For the period 2021-2025, Tier 1 methodology in accordance with the 2006 IPCC guidelines for national GHG inventories. For emissions and removals for a carbon pool that accounts for at least 25-30 % of emissions or removals in a source or sink category which is prioritised within a Member State's national inventory system because its estimate has a significant influence on a country's total inventory of GHGs in terms of the absolute level of emissions and removals, the trend in emissions and removals, or the uncertainty in emissions and removals in the land use categories, and from 2026 for all carbon pool emission and removal estimates, at least Tier 2 methodology in accordance with the 2006 IPCC guidelines for national GHG inventories.

Member States shall from 2026 for all carbon pool emission and removal estimates falling in areas of high carbon stock land use units referred to in point (c) above, areas of land use units under protection or under restoration referred to in points (d) and (e) above, and areas of land use units under high future climate risks referred to in point (f) above, apply Tier 3 methodology, in accordance with the 2006 IPCC guidelines for national GHG inventories.’.

(1) 1    Applies to Afforested Land and Managed Forest Land only.
(2) 2    Applies to Deforested Land, Managed Cropland, Managed Grassland and Managed Wetlands only.
(3)    Council Directive 92/43/EEC of 21 May 1992 on the conservation of natural habitats and of wild fauna and flora (OJ L 206, 22.7.1992, p. 7).
(4)    Directive 2004/35/EC of the European Parliament and of the Council of 21 April 2004 on environmental liability with regard to the prevention and remedying of environmental damage (OJ L 143, 30.4.2004, p. 56).
(5)    Directive 2009/147/EC of the European Parliament and of the Council of 30 November 2009 on the conservation of wild birds (OJ L 20, 26.1.2010, p. 7).
(6)    Directive 2000/60/EC of the European Parliament and of the Council of 23 October 2000 establishing a framework for Community action in the field of water policy (OJ L 327, 22.12.2000, p. 1).

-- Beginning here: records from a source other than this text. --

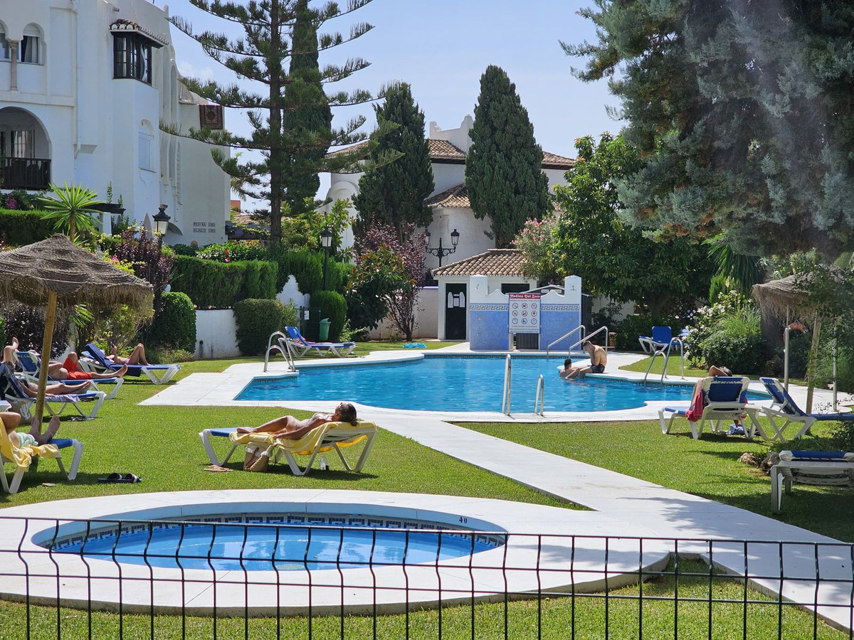 A Really great corner ground floor apartment with a large private garden just minutes from the beach, shops and all amenities in Calahonda.
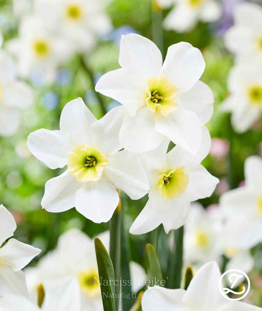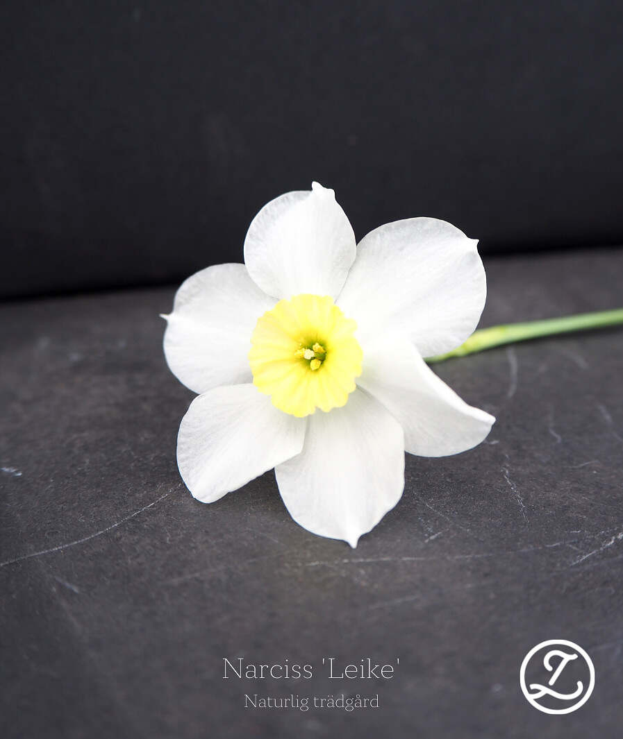 Liten och nätt narciss med kritvita kalkblad och en liten bikrona i ljust, ljust gult. Blommar rikligt och varje stjälk avslutas med 2-3 blommor. En riktig liten sötnos som blir som ett smycke i trädgården.
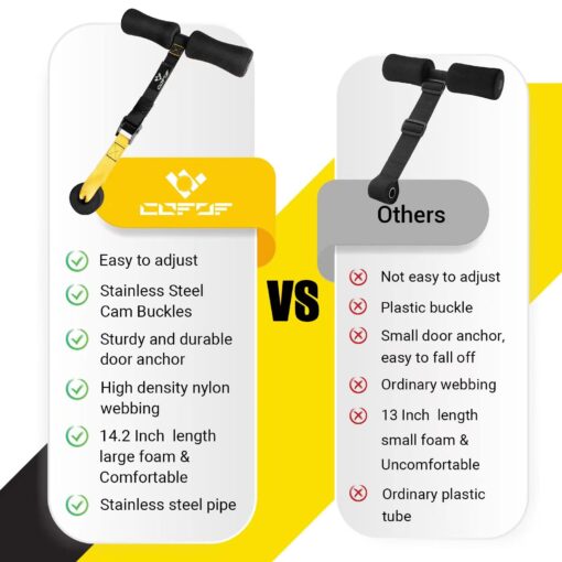 - [New Upgrade Nordic Hamstring Curl] Our Nordic Curl is made of industrial grade stainless steel with a length of 14.2 inches. Our foam is 1inch thick and 5.9 inches long and is ergonomically designed to make your feet more comfortable when using them. Our Nordic curl strap adjustment length of 7.1″ – 20.6″, both adults and children, can meet the needs of daily exercise. Our door anchors are made of high-quality 2.7 inch diameter foam that securely attaches to the bottom of the door frame.
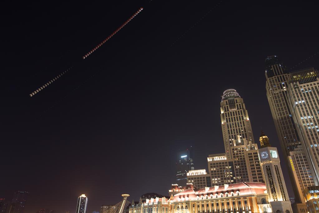 天津市天文愛好者王碩2018年1月31日在天津津灣廣場拍攝的“月食項鏈”照片。(王碩本人供圖)
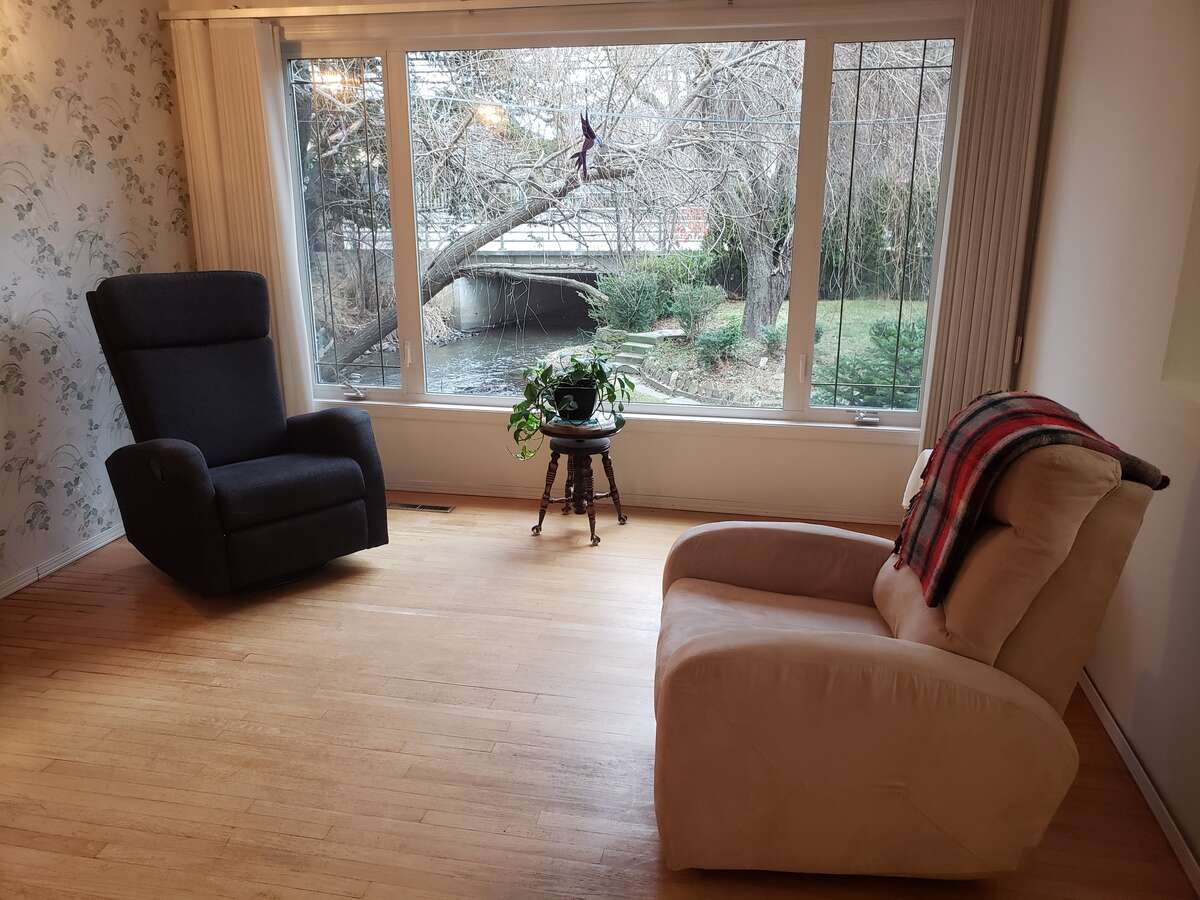 South Kelowna Central Location. Enjoy the morning sun on the east facing front deck that overlooks Mill Creek. The home is set back from the street and has considerable privacy with lush greenery and your very own bridge. It was substantially renovated in 1999 and has an open floor plan with custom maple kitchen cabinetry. There are 2 large bedrooms upstairs with the main bathroom situated between them. The master bedroom boosts a bright en-suite with a vaulted ceiling, sky lights, his and her sinks, a corner jacuzzi tub, and an extra closet. The basement has a nice sized rec room, one bedroom, and a massive workshop for the handyman. For parking you have an oversized single car garage, an attached carport, and room for 3 additional cars in the driveway. The west facing backyard gets lots of sun and has a small garden and raspberry bushes. If you are looking for revenue, there is potential for a carriage house. Bike lanes are right out front so you can easily walk to KGH, downtown, and Capri Mall. This home is truly one of a kind. Come take a look and you won't be disappointed.

(7)    Directive 2007/60/EC of the European Parliament and of the Council of 23 October 2007 on the assessment and management of flood risks (OJ L 288, 6.11.2007, p. 27).
(8)    Regulation (EU) 2020/852 of the European Parliament of the Council of 18 June 2020 on the establishment of a framework to facilitate sustainable investment, and amending Regulation (EU) 2019/2088 (OJ L 198, 22.6.2020, p. 13).